Er selbst starb an den Folgen eines Attentates. Trotz dieser
Bedrohungen sahen die Meister und ihre Gefolgschaft nicht
über Ungerechtigkeiten und den Missbrauch im Namen der
Religion hinweg, sondern stellten sich den Mächtigen und
blieben ihrem Lebensweg treu.
Von der Frau wird man geboren; in der Frau wächst man heran. Mit
einer Frau verlobt und vermählt man sich. Von der Frau erfahren
wir Freundschaft; durch die Frau setzt sich der Gang der Welt fort.
[...] Wie kann man sie als schlecht bezeichnen, wo sie doch
Frommen das Leben schenkt? Aus einer Frau entsteht eine Frau,
niemand wäre ohne die Frau.

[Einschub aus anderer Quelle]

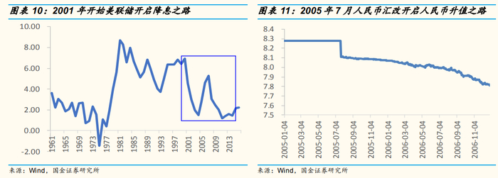 汇率:重启汇改,人民币汇率大幅升值20%。伴随世界经济新一轮扩张的,是美联储宽松的货币政策。2001年1月开始,美联储在一年内先后11次降低短期利率,从6.5%降至4.5%,并且在2002年11月和2003年6月又降了0.75%。

Nanak, ganz ohne Frau ist nur der
Eine Wahre.
AGGS, M. 1, Seite 473
Die Meister haben vorgelebt, dass wahrhafte Religion nicht
das Wohl einer bestimmten Gruppe, sondern alle Menschen
im Blick hat. Sie haben gezeigt, dass Religion niemals nach
Herrschaft strebt, sondern die Regierenden und Menschen
zu Weitsicht und Tugend anleitet. In diesem Sinne inspiriert
die Sikh-Religion auch in der heutigen Zeit zu einer
toleranten, friedlichen, solidarischen und optimistischen
Haltung jenseits abgrenzender Dogmen.